**Records shown:**
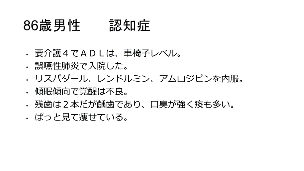 誤嚥性肺炎のマネジメント内科医としての腕が試されていると言っても過言ではありません。今回ABCDEアプローチでリスク評価、急性期疾患の治療、食事形態と栄養、薬剤のチェック、リハビリと総合的アプローチを行いマネジメントしていくことを学びます。
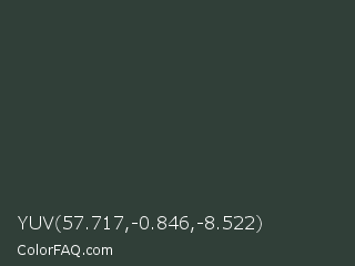YUV 57.717,-0.846,-8.522 Color is a very dark green color and the nearest color is Outer Space Crayola #2d383a. Hex code #303f38 and RGB value is rgb(48,63,56). In RGB color space, this color is composed of 19% red, 25% green, 22% blue, In CMYK color space, this color is composed of 24% cyan, 0% magenta, 11% yellow , 75% black , In HSL color space, this color has a hue angle of 152° , 14% saturation and 22% lightness.
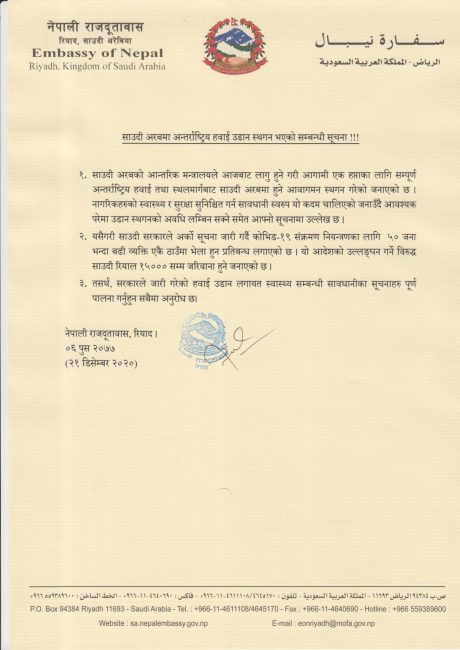 रियादस्थित नेपाली दूतावासले सूचना जारी गरी स्वास्थ्यसम्बन्धी सावधानीका सूचनाहरु पूर्ण पालना गर्न त्यहाँ रहेका नेपालीलाई आग्रह गरेको छ।
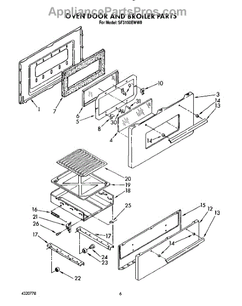 Parts for Whirlpool SF3100EWW0: 05 - Oven Door And Broiler Parts
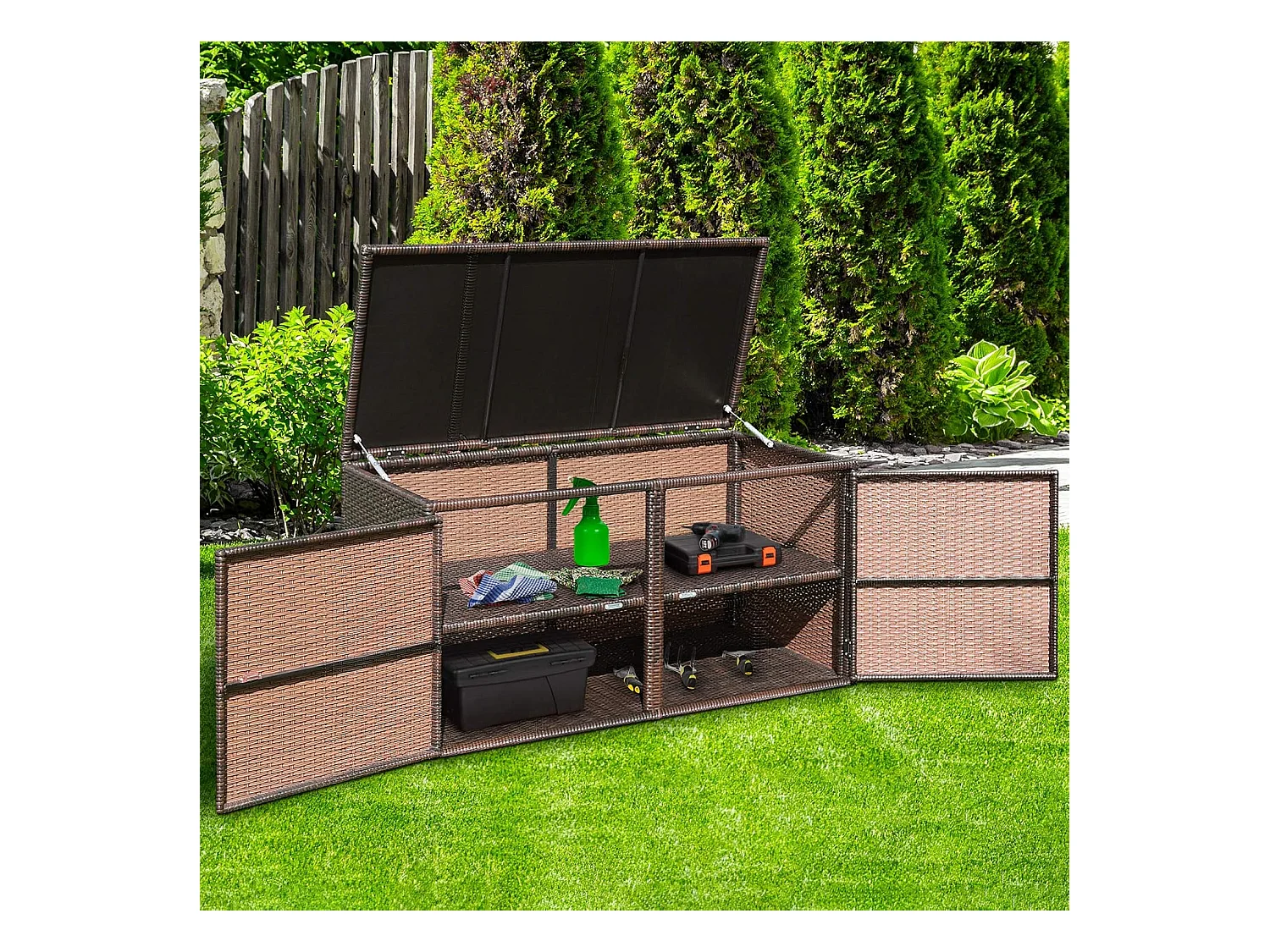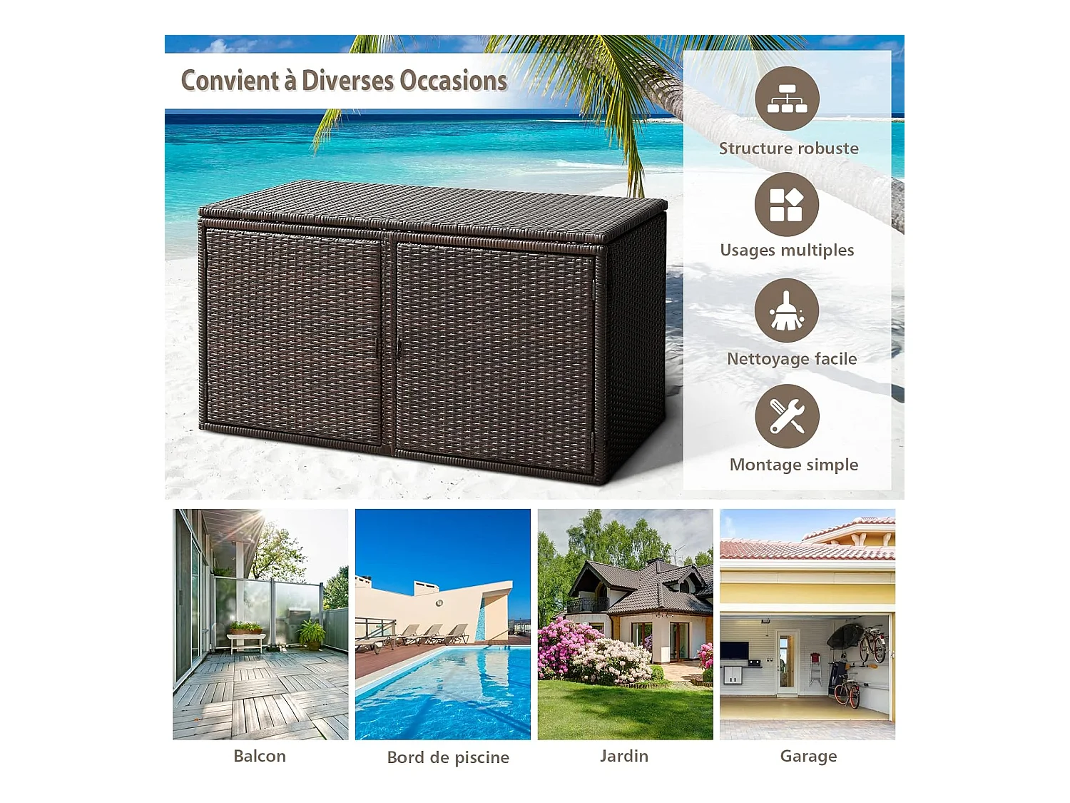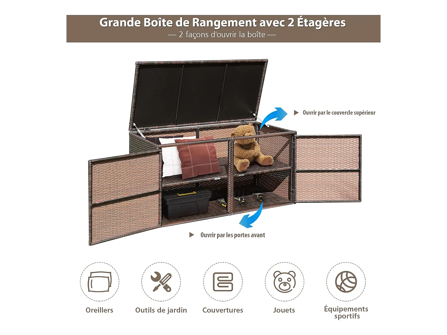 Coffre de Rangement en Résine Tressée 318 L, Boîte de Rangement Jardin avec 3 Portes Étagères Amovibles Grand Bac Étanche (Marron)
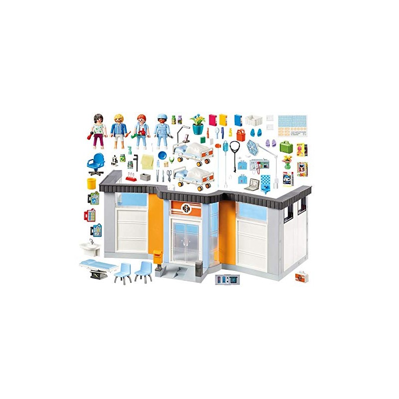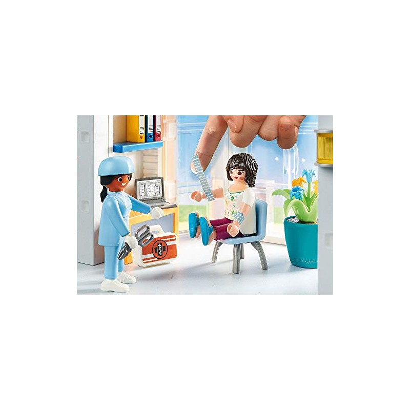 - Set includes four figures, furnished hospital wing, two rolling patient beds, exam bed, stethoscope, medical charts and tools, laptops, magazines, test tubes, microscope, bandage stickers, and many other accessories

**Exercise requirements:**
The response should contain every record above exactly as written, and none of the pictures.

**Exercise result:**
 誤嚥性肺炎のマネジメント内科医としての腕が試されていると言っても過言ではありません。今回ABCDEアプローチでリスク評価、急性期疾患の治療、食事形態と栄養、薬剤のチェック、リハビリと総合的アプローチを行いマネジメントしていくことを学びます。
YUV 57.717,-0.846,-8.522 Color is a very dark green color and the nearest color is Outer Space Crayola #2d383a. Hex code #303f38 and RGB value is rgb(48,63,56). In RGB color space, this color is composed of 19% red, 25% green, 22% blue, In CMYK color space, this color is composed of 24% cyan, 0% magenta, 11% yellow , 75% black , In HSL color space, this color has a hue angle of 152° , 14% saturation and 22% lightness.
 रियादस्थित नेपाली दूतावासले सूचना जारी गरी स्वास्थ्यसम्बन्धी सावधानीका सूचनाहरु पूर्ण पालना गर्न त्यहाँ रहेका नेपालीलाई आग्रह गरेको छ।
 Parts for Whirlpool SF3100EWW0: 05 - Oven Door And Broiler Parts
 Coffre de Rangement en Résine Tressée 318 L, Boîte de Rangement Jardin avec 3 Portes Étagères Amovibles Grand Bac Étanche (Marron)
 - Set includes four figures, furnished hospital wing, two rolling patient beds, exam bed, stethoscope, medical charts and tools, laptops, magazines, test tubes, microscope, bandage stickers, and many other accessories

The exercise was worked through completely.